Oh~ That makes sense


----------



## Bladexdsl (Jun 3, 2012)

Rydian said:


> For laughs.  A reference to this.
> 
> [youtube]http://www.youtube.c...h?v=SiMHTK15Pik[/youtube]


i can't believe they changed that in kai what in the fuck were they thinking?!?!


----------



## machomuu (Jun 3, 2012)

Bladexdsl said:


> Rydian said:
> 
> 
> > For laughs.  A reference to this.
> ...


They wanted to stay true to the manga, in which he said "It's over 8000!".  Not that it matters, he said "It's over 9000!" similarly to Brian Drummond in the Nickelodeon version:
[yt]J5wEER4YkMU[/yt][yt]K5irQgiajDc[/yt]


----------



## Bladexdsl (Jun 3, 2012)

but he says it so calmly it doesn't sound as good!


----------



## machomuu (Jun 3, 2012)

Bladexdsl said:


> but he says it so calmly it doesn't sound as good!


In the video on the right?  I think it sounds just fine, he certainly doesn't sound calm to me.


----------



## Bladexdsl (Jun 3, 2012)

no the left the kai one. in the original he goes ballistic in kai he doesnt even say it properly his supposed to scream and say it's over 8000!  but he just says it so calmy that's the only thing i don't like about the kai series.


----------



## machomuu (Jun 3, 2012)

Bladexdsl said:


> no the left the kai one. in the original he goes ballistic in kai he doesnt even say it properly his supposed to say it's over 8000 than! that's the only thing i don't like about the kai series.


Technically speaking, in the original dub and the original manga he not only said 8000, but he also says it calmly.  Ocean Dub is the only one that goes ballistic and, well, that's Brian Drummond for ya.  They were both fanservice, the Nick version was for people who wanted to hear the over-the-top "Over 9000", while the DVD version was for those who wanted a pure experience, just like in the manga.  Personally, I like both, so I'm fine with either one.


----------



## Anon10W1z (Jun 2, 2012)

http://gbatemp.net/u109185-tempbot As you can see, this guys profile is rather unusual. How'd he manage?
P.S. Though he was apparently last active in March of '09, he is in the recent posts column?!?!?!?!


----------



## Anon10W1z (Jun 3, 2012)

Guys, stop getting off topic. Seriously.


----------



## machomuu (Jun 3, 2012)

Anon10W1z said:


> Guys, stop getting off topic. Seriously.
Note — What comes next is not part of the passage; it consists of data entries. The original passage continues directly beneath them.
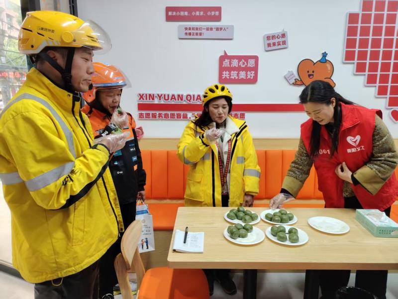 “平时都是我给别人送餐,今天换别人给我送青团了,心里热乎乎的。”一位刚结束早班配送的外卖小哥接过青团,轻咬一口,软糯香甜的口感令他连连称赞。活动现场,外卖员、快递员与志愿者们围坐一起,品青团、拉家常。那一抹翠绿,不仅承载着清明时节的文化记忆,更化作萦绕心头的“家”的温暖。
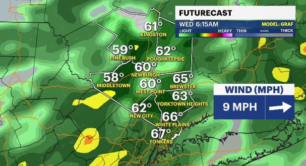 Rainfall will fall overnight into Wednesday morning, wrapping up midday.
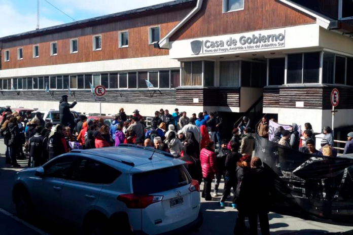 En tanto en la capital fueguina, a pesar de las condiciones climáticas un nutrido grupo de manifestantes, con una marcada presencia de docentes, marcharon hacia Legislatura y Casa de Gobierno. En el edificio de los Bloques, personal policial impidió el ingreso de los dirigentes sindicales y jubilados cuya intención era dialogar con los parlamentarios. Los oficiales informaron que no se podía ingresar, que la única legisladora que se encontraba en el lugar era Martinez Allende, pero que ya les había dicho que no iba a recibir a nadie. Los manifestantes repudiaron esta actitud y continuaron marchando a Casa de Gobierno donde dirigentes de SUTEF, ASEOM, SEOM, AFEP, SEJUP, Centro de Jubilados AKAINIK y Jubilados Autoconvocados, realizaron discursos repudiando al Gobierno Provincial y llamando a la unidad y a la solidaridad. Raúl Arce, Secretario Gremial del SUTEF y Secretario Adjunto de la CTA Autónoma de Tierra del Fuego señaló que la única responsable de la situaciòn actul del IPAUSS, del pago desdoblado a jubilados y de que la obra social no funcione a pleno es la patronal, poderes ejecutivos gubernamentales, municipales y poder legislativos que no hacen los aportes correspondientes. «La patronal es responsable porque no hace los aportes que tiene que hacer, eso es lo que nos tiene como nos tiene, la falta de envío de fondos que son parte de nuestro trabajo diferido. Las contribuciones patronales para los privados es una obligación porque sino le clausuran cada uno de sus comercios o emprendimiento; sin embargo en el estado, encima los premian como presidentes de fondos fiduciarios o gerentes de algún banco».- remarcó Arce.

What are you talking about?  This topic's done.  Not to mention that this is related to Tempbot's -9000 post count.  Now if we had gone further, talking about the fros and cons of Kai or something like that, then I think it would be "off-topic".


----------



## Anon10W1z (Jun 3, 2012)

machomuu said:


> Anon10W1z said:
> 
> 
> > Guys, stop getting off topic. Seriously.
> ...


Well, it will at least start to get off topic, which I want to prevent.


----------



## machomuu (Jun 3, 2012)

Anon10W1z said:


> machomuu said:
> 
> 
> > Anon10W1z said:
> ...


This is off-topic.  You're preventing discussion of Tempbot, and we haven't actually given any text that would imply potential derailment.

Plus, as I said, topic's done.


----------